PROMPT: Leaving the pictures aside, transcribe the data below exactly.

DATA SECTION:
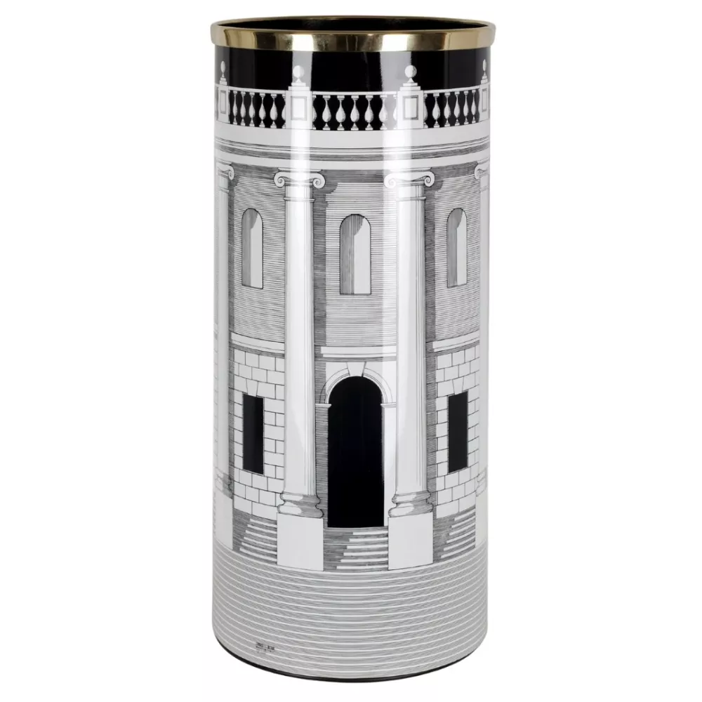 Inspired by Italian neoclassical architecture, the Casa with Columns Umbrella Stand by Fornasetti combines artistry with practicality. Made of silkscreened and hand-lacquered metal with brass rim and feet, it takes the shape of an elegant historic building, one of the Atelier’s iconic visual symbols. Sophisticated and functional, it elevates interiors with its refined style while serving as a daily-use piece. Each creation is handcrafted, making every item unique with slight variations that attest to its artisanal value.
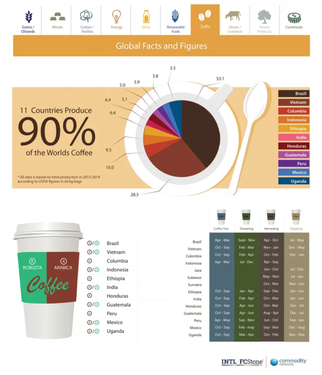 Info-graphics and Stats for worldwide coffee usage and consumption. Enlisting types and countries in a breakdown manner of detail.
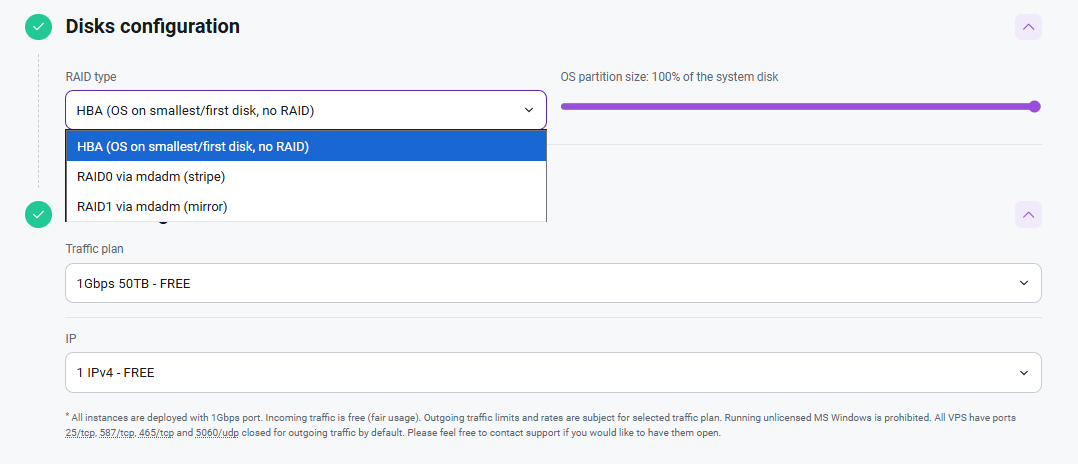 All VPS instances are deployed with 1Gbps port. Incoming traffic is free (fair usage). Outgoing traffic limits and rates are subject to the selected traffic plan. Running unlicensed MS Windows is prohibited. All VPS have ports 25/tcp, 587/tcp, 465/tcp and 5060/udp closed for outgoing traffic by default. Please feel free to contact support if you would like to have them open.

EXERCISE RESULT:
 Inspired by Italian neoclassical architecture, the Casa with Columns Umbrella Stand by Fornasetti combines artistry with practicality. Made of silkscreened and hand-lacquered metal with brass rim and feet, it takes the shape of an elegant historic building, one of the Atelier’s iconic visual symbols. Sophisticated and functional, it elevates interiors with its refined style while serving as a daily-use piece. Each creation is handcrafted, making every item unique with slight variations that attest to its artisanal value.
 Info-graphics and Stats for worldwide coffee usage and consumption. Enlisting types and countries in a breakdown manner of detail.
 All VPS instances are deployed with 1Gbps port. Incoming traffic is free (fair usage). Outgoing traffic limits and rates are subject to the selected traffic plan. Running unlicensed MS Windows is prohibited. All VPS have ports 25/tcp, 587/tcp, 465/tcp and 5060/udp closed for outgoing traffic by default. Please feel free to contact support if you would like to have them open.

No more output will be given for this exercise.